## Dataset entries:
┄┄┄┄┄┄
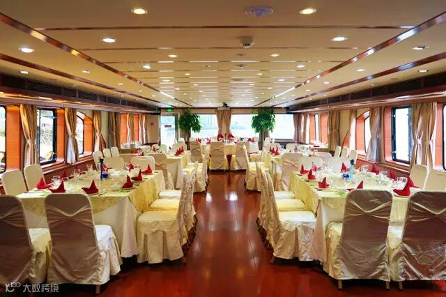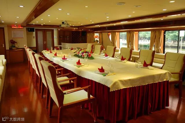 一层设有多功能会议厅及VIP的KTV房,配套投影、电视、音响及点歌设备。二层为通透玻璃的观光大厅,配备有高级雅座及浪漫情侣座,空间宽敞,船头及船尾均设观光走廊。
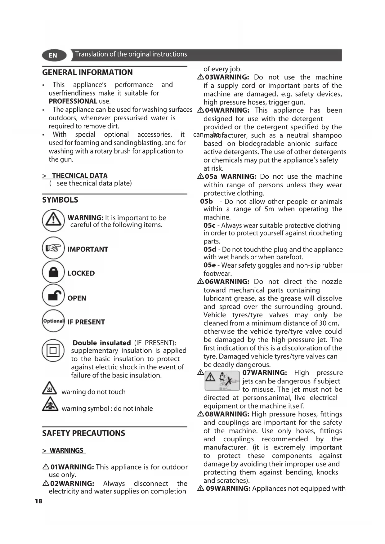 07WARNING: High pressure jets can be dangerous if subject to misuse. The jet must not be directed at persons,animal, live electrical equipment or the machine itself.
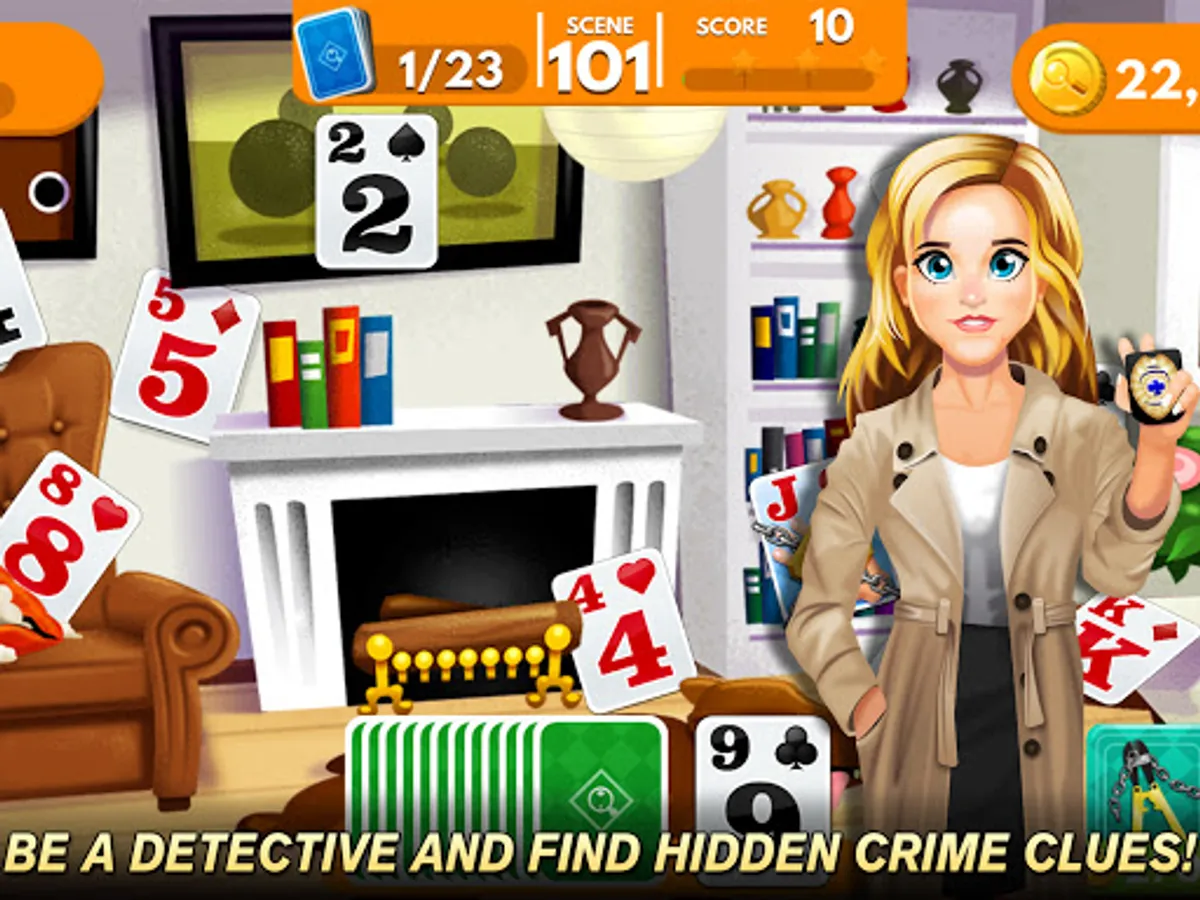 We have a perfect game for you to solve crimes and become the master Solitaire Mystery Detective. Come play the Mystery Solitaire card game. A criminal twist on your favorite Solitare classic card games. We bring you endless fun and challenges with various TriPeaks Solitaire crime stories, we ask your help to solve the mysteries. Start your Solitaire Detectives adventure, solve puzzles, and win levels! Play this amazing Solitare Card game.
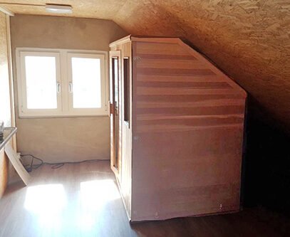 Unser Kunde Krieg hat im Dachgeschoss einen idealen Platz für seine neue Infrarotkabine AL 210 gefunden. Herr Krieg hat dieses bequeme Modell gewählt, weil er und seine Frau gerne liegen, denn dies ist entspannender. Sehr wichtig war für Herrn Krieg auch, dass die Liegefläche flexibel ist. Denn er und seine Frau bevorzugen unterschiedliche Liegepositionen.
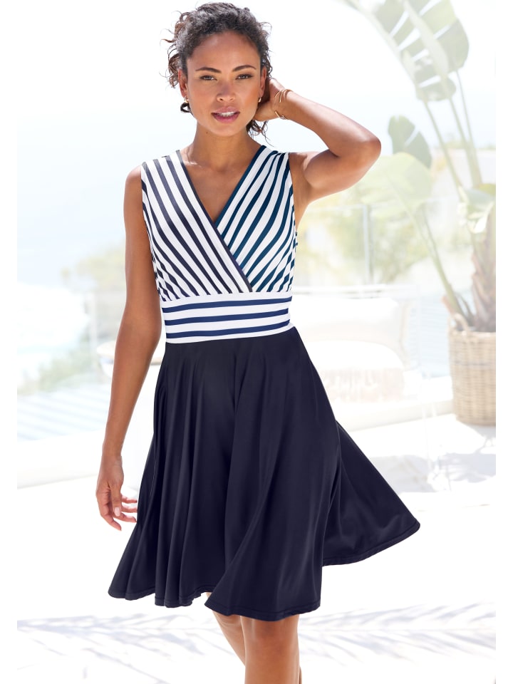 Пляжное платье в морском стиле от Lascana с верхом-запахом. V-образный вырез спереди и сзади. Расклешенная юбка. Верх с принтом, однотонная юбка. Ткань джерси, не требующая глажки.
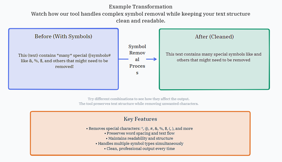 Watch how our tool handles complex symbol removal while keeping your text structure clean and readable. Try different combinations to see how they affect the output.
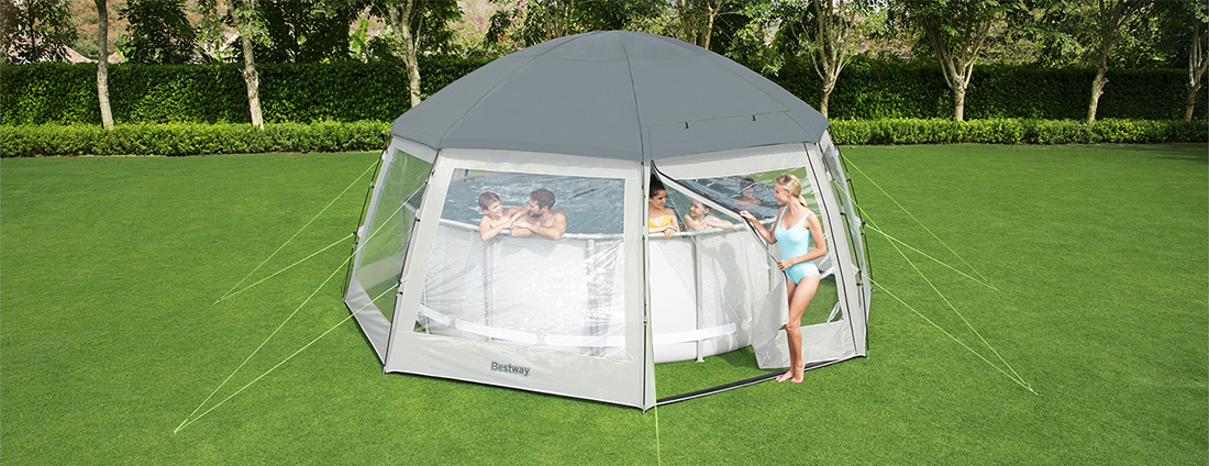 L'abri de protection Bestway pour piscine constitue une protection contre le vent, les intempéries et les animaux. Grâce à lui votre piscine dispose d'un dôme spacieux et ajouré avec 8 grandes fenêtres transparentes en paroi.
┄┄┄┄┄┄
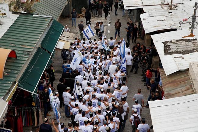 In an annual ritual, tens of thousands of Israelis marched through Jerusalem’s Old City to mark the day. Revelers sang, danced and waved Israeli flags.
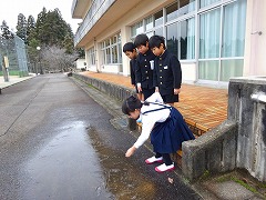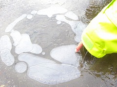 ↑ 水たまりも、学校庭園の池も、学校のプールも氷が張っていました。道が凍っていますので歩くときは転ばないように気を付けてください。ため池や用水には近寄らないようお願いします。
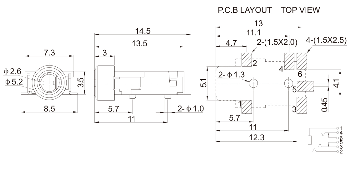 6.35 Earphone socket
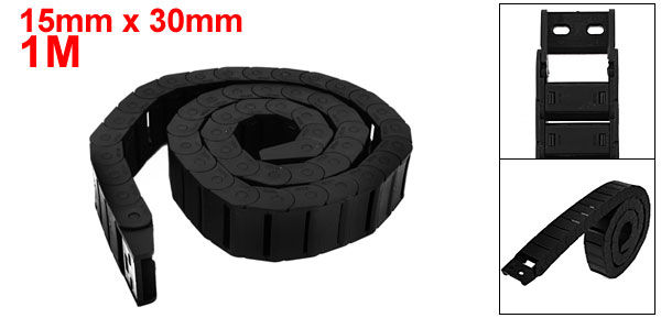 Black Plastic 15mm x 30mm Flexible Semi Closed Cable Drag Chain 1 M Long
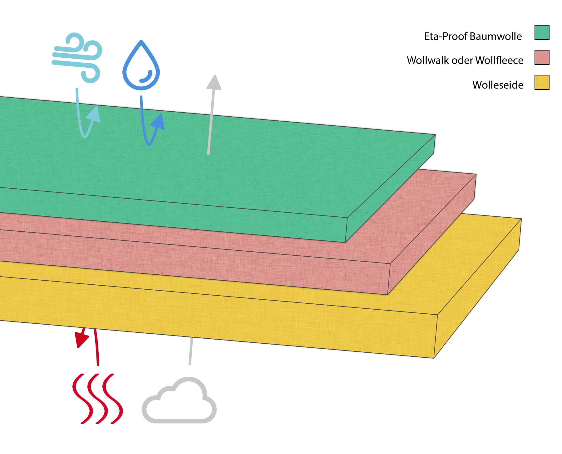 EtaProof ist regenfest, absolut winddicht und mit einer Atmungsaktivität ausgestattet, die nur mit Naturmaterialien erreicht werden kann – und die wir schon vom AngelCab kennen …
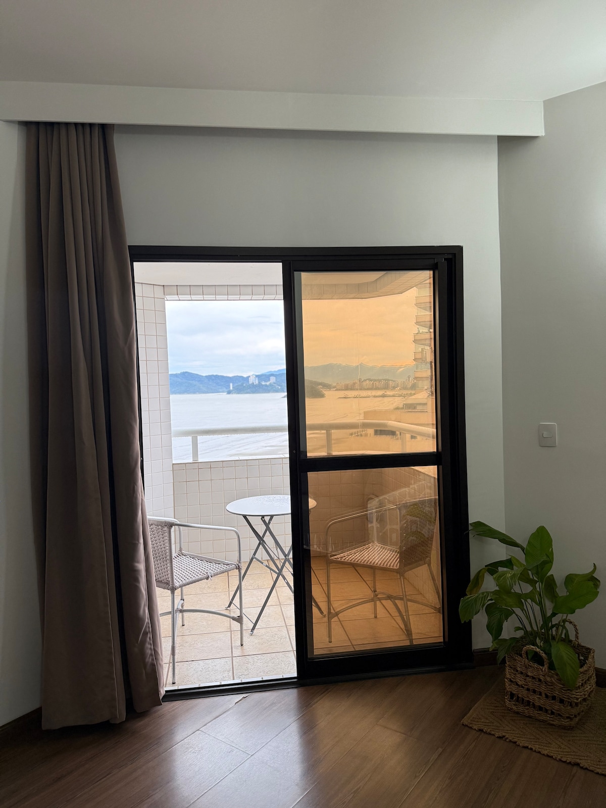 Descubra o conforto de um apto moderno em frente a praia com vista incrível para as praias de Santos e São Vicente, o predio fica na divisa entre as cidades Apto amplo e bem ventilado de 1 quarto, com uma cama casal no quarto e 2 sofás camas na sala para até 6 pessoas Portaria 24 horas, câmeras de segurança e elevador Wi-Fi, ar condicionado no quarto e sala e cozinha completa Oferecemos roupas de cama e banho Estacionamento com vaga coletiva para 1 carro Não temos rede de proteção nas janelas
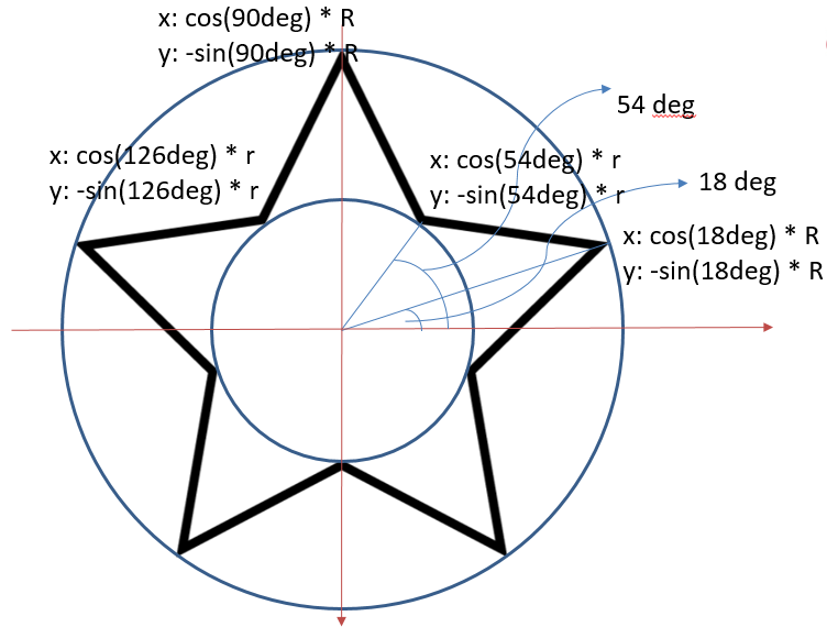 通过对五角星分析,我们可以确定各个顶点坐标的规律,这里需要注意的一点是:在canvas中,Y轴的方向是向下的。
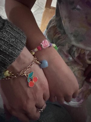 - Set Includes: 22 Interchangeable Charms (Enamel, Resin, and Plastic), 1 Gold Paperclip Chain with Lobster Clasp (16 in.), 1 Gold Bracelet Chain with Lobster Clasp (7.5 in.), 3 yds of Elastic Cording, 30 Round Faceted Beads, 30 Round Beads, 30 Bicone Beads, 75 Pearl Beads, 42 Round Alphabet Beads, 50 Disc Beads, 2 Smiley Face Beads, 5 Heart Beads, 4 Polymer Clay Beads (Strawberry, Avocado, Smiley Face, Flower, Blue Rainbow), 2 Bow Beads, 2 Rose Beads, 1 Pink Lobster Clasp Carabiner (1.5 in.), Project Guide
┄┄┄┄┄┄
## Exercise requirements:
From the records above, extract the lines from the one holding "EtaProof ist regenfest, absolut" through the one holding "通过对五角星分析,我们可以确", word for word; omit the pictures.

## Output for this task:
 EtaProof ist regenfest, absolut winddicht und mit einer Atmungsaktivität ausgestattet, die nur mit Naturmaterialien erreicht werden kann – und die wir schon vom AngelCab kennen …
 Descubra o conforto de um apto moderno em frente a praia com vista incrível para as praias de Santos e São Vicente, o predio fica na divisa entre as cidades Apto amplo e bem ventilado de 1 quarto, com uma cama casal no quarto e 2 sofás camas na sala para até 6 pessoas Portaria 24 horas, câmeras de segurança e elevador Wi-Fi, ar condicionado no quarto e sala e cozinha completa Oferecemos roupas de cama e banho Estacionamento com vaga coletiva para 1 carro Não temos rede de proteção nas janelas
 通过对五角星分析,我们可以确定各个顶点坐标的规律,这里需要注意的一点是:在canvas中,Y轴的方向是向下的。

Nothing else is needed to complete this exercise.